• Data for analysis:
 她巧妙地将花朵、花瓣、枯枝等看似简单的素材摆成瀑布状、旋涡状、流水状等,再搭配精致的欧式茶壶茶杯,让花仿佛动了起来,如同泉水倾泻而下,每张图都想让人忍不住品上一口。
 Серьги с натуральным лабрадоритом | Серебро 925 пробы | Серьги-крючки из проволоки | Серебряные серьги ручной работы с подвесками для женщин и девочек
--
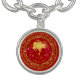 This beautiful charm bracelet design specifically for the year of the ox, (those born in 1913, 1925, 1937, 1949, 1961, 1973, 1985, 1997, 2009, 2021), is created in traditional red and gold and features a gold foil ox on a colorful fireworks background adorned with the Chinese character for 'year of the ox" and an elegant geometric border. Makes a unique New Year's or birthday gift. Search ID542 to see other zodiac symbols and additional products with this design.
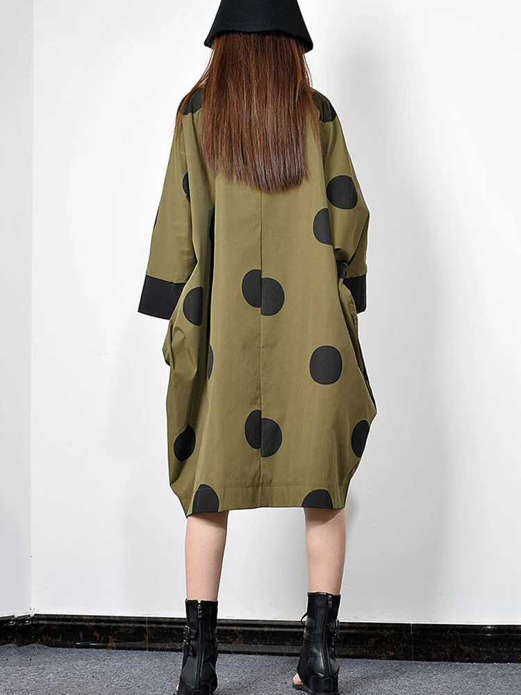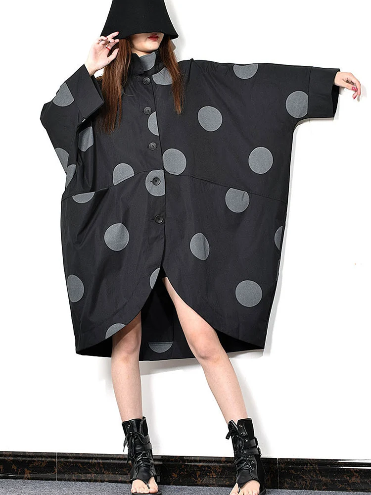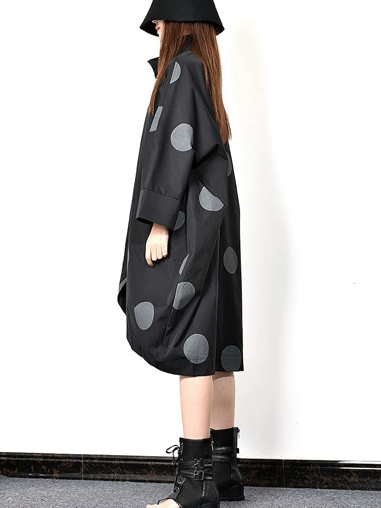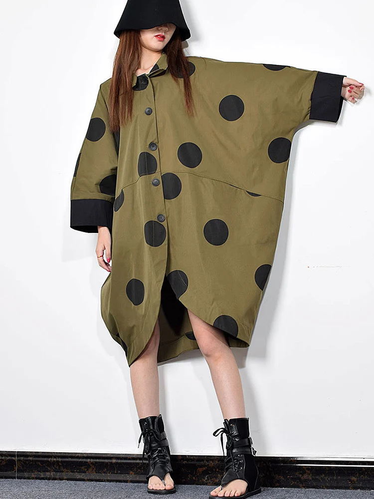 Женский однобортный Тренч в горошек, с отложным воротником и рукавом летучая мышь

• What the task requires: For this exercise, set down the lines in the entries above from the one with "This beautiful charm" through the one with "Женский однобортный Тренч" exactly as written, without any pictures.

• Completed exercise:
 This beautiful charm bracelet design specifically for the year of the ox, (those born in 1913, 1925, 1937, 1949, 1961, 1973, 1985, 1997, 2009, 2021), is created in traditional red and gold and features a gold foil ox on a colorful fireworks background adorned with the Chinese character for 'year of the ox" and an elegant geometric border. Makes a unique New Year's or birthday gift. Search ID542 to see other zodiac symbols and additional products with this design.
 Женский однобортный Тренч в горошек, с отложным воротником и рукавом летучая мышь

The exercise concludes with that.